What can we do about these threats to our privacy?
Schneier doesn’t believe we can engineer our way back to a more private world. Privacy-enhancing technologies already exist and they could go a long way towards retoring the balance if they gained widespread adoption. However people are seduced by convenience so they tend to make bad privacy trade-offs. We’re on Facebook because our friends are, and while we’re chatting to them we’re focused on the conversation, not on how much data we’re releasing or to whom.
A lot can be done by paying attention to the default settings of software and systems. Most of us won’t change these so if they are secure from the outset any loss of privacy will be minimised. However companies like Facebook make more money the more public we make our data so there’s no incentive for them to set privacy-enhancing defaults.
We need to press for legislation that protects privacy: comprehensive laws regulating what can be done with personal information about us and more privacy protection from the police. However the law finds it difficult to keep up with the pace of technological change.
We also need to start talking about the value of privacy. We want it as a social good. Individual privacy protects us from those in power and it’s also a fundamental human need. Privacy is a part of dignity.
Schneier rejects the security versus privacy notion as a false dichotomy. Only identity-based security reduces privacy and the effectiveness of this is limited. Physical security measures such as locks and burglar alarms don’t reduce privacy. Nor does knowing that you might have to fight back if terrorists hijack your flight. We don’t need to know who’s sat next to us on an aeroplane – we just need to know know whether they’re planning to blow it up! However checking intent is difficult so we check identity instead and pretend that’s the same thing.
Privacy and openness have different effects on Governments and citizens. Government secrecy increases its power whereas transparency and openness reduces it. Conversely, forced openness in people increases the inbalance in power between them and the state, yet forced openness in Government reduces the gap. The balance we need to strike is between liberty and control not privacy and security. Real security comes from having both liberty and privacy.

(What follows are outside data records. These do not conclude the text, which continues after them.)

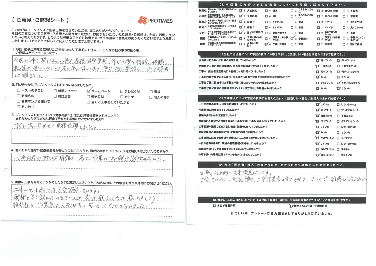工事の仕上がりには大変満足しています。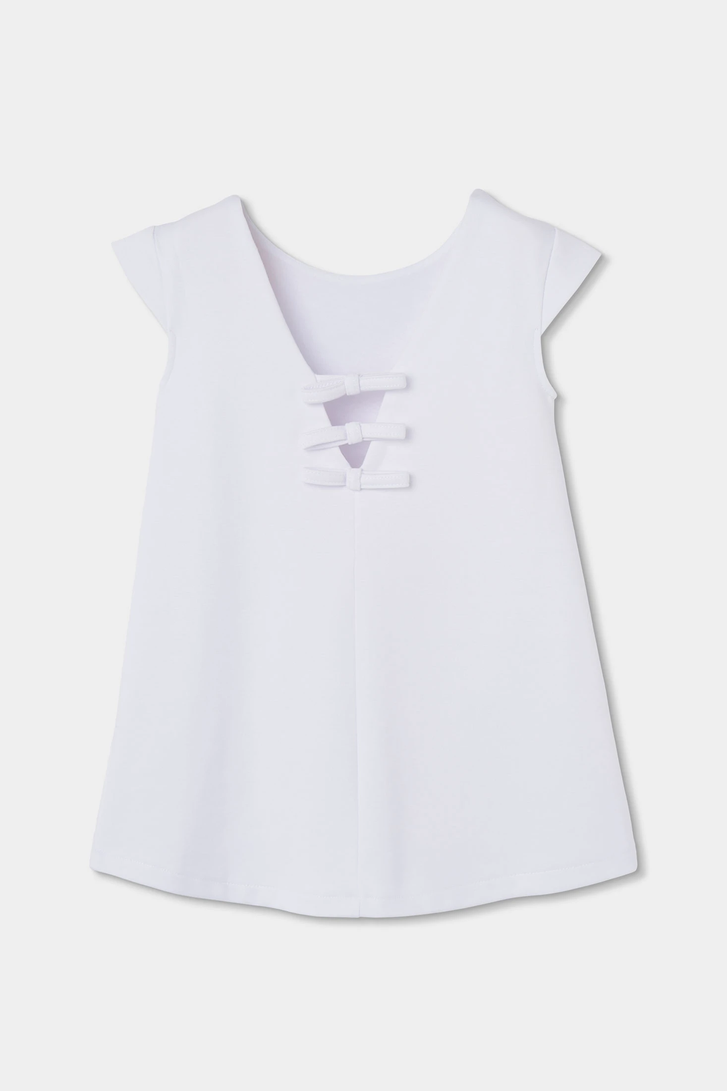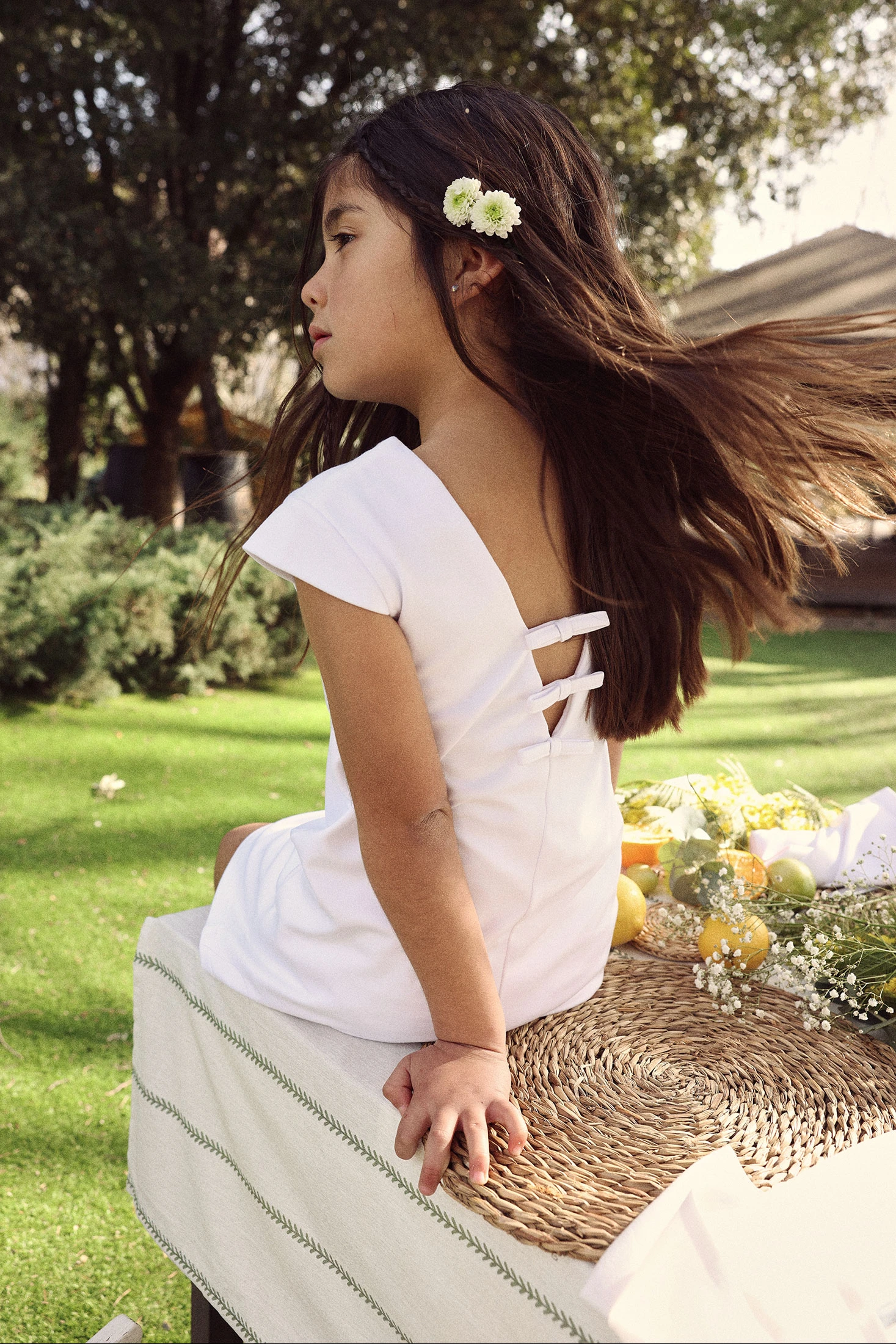 Vestido para niña en color blanco con delicado estampado de flores, una opción encantadora para la primavera y el verano. Su tejido ligero y transpirable ofrece frescura en los días cálidos. El diseño con corte suelto aporta comodidad y libertad de movimiento, ideal para paseos o eventos casuales. Disponible en tallas desde 2 hasta 14 años.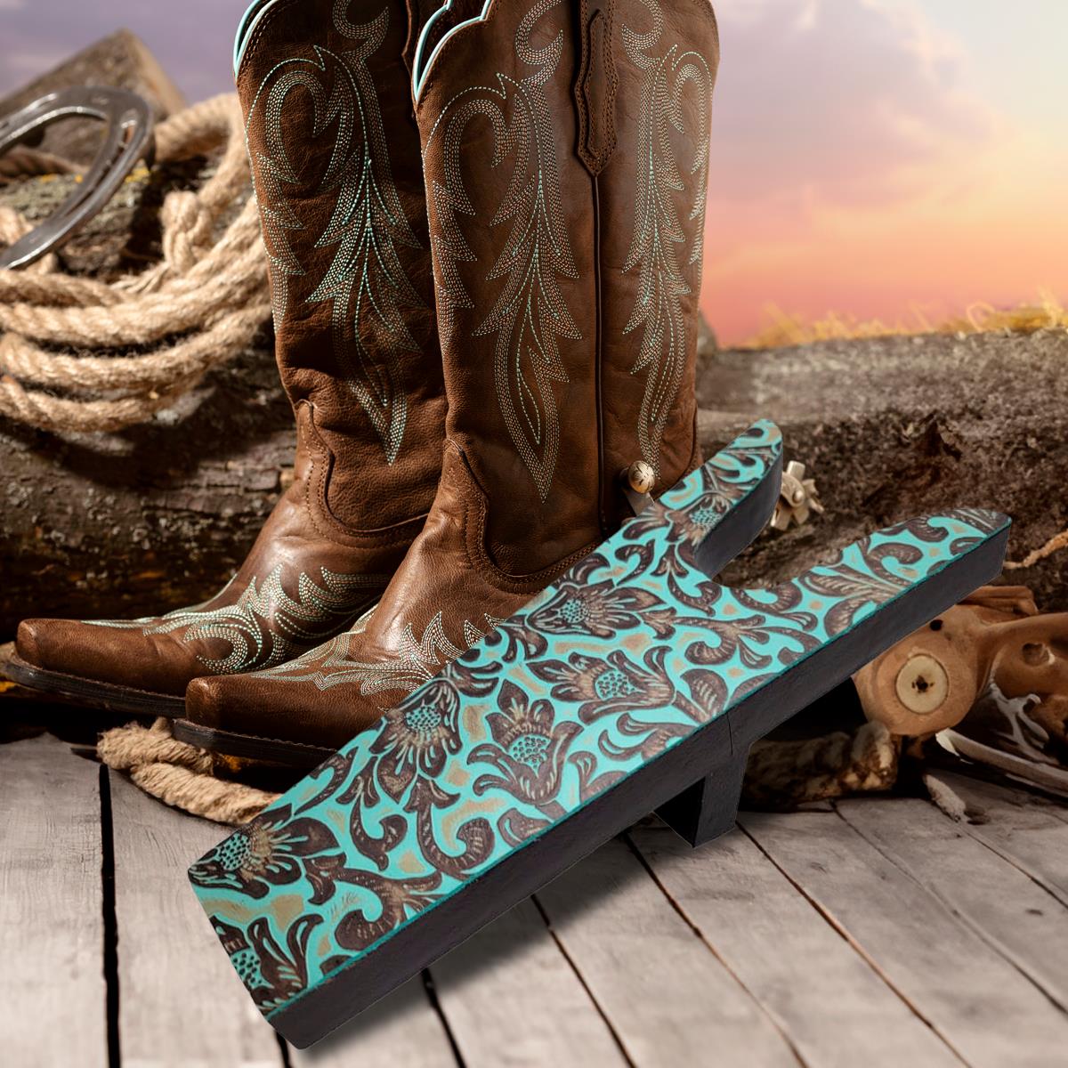 BOOT JACK - EMBOSSED LEATHER FLORAL TURQUOISE

The above notwithstanding, sometimes we are forced to trade between security and privacy, for example when we give the police the power to search our homes. In such cases we can maintain the balance of power through audit and oversight. Search warrants are a security measure that restrict police searches to only those cases where a magistrate – an impartial advocate for the suspect – can be convinced there are reasonable grounds for suspicion.
Schneier concluded that the death of privacy is over-stated. Left unregulated and unconstrained, technology tends to tip the balance of our society against individual privacy, however it doesn’t make the balancing act go away. Society can choose to deliberately reset the balance with legislation.
We may ultimately have to wait for a new generation of digitally-savvy lawmakers to take office before the the future of privacy can be guaranteed in the information age.